GIVEN DATA:
#####

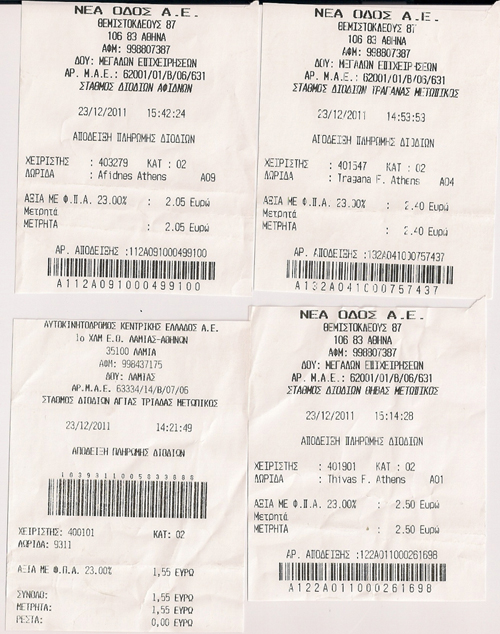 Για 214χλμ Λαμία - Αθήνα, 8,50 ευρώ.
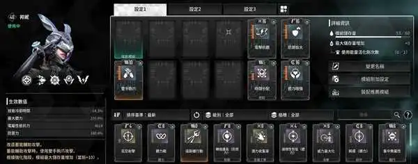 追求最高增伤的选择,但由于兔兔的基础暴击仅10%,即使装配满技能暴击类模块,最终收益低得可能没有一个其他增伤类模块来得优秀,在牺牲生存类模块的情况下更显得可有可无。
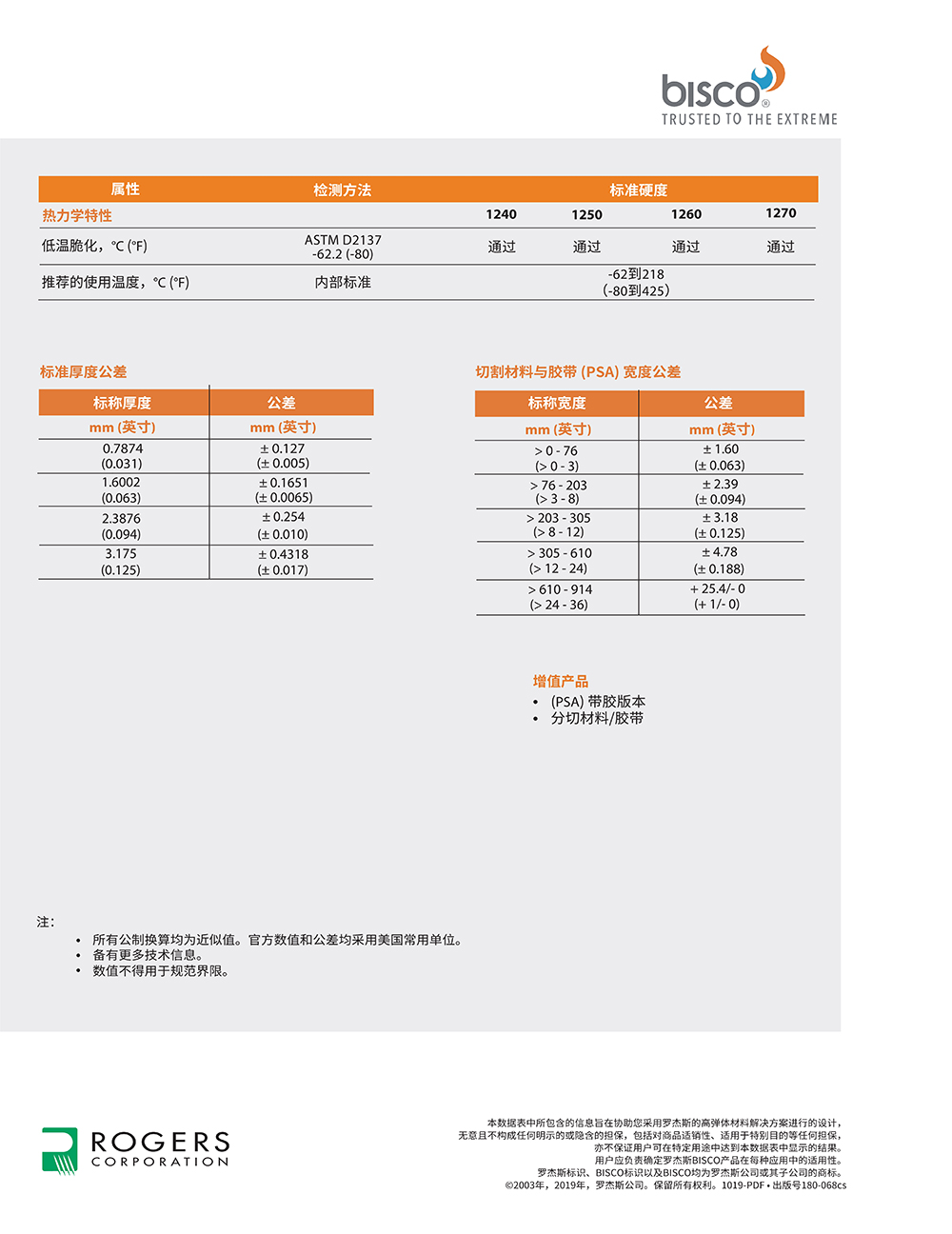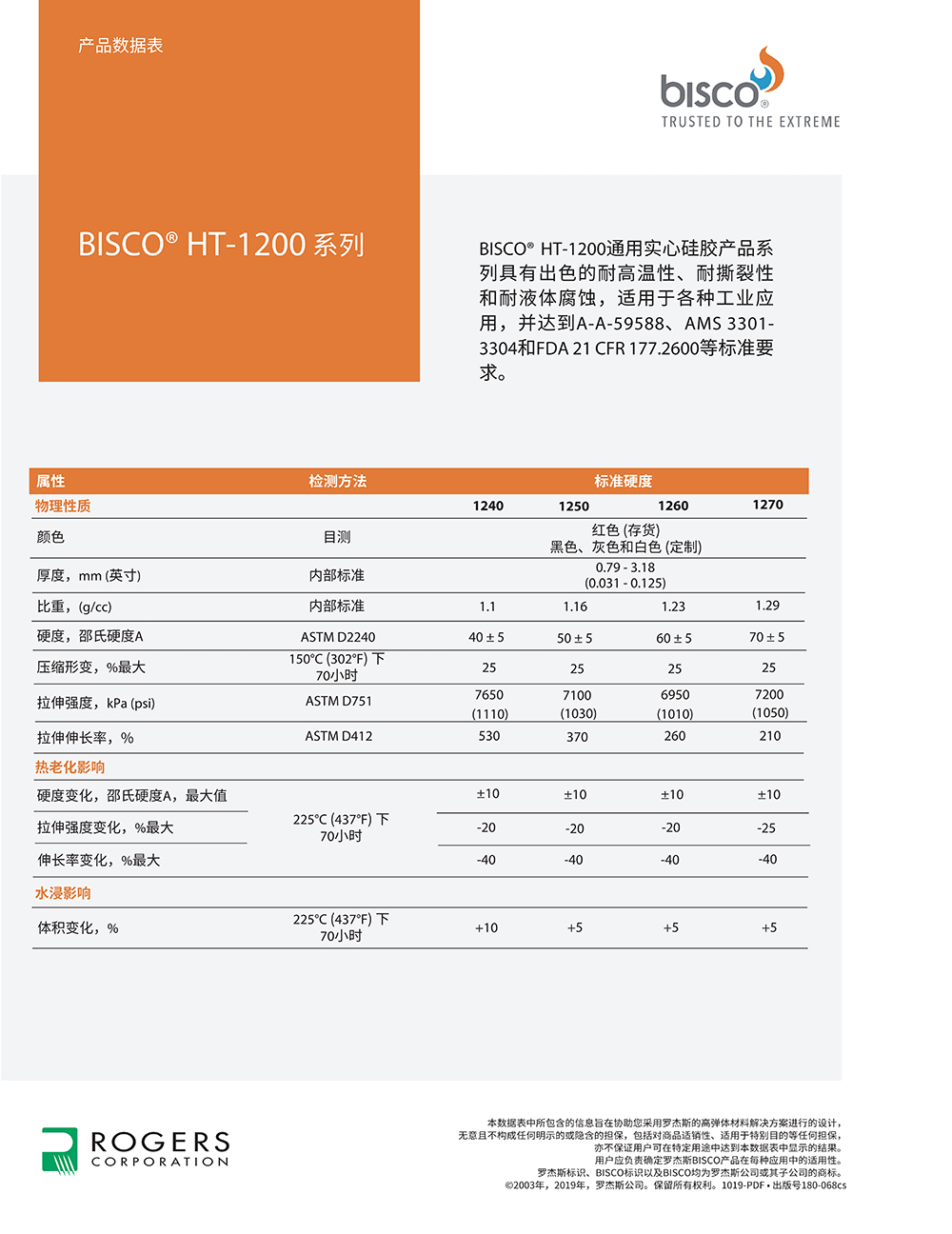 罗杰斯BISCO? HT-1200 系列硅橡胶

#####

TASK DESCRIPTION:
What the answer needs is every line from the one containing "追求最高增伤的选择,但由于兔" through the final line of the data above, copied exactly, without pictures.

FINAL ANSWER:
 追求最高增伤的选择,但由于兔兔的基础暴击仅10%,即使装配满技能暴击类模块,最终收益低得可能没有一个其他增伤类模块来得优秀,在牺牲生存类模块的情况下更显得可有可无。
 罗杰斯BISCO? HT-1200 系列硅橡胶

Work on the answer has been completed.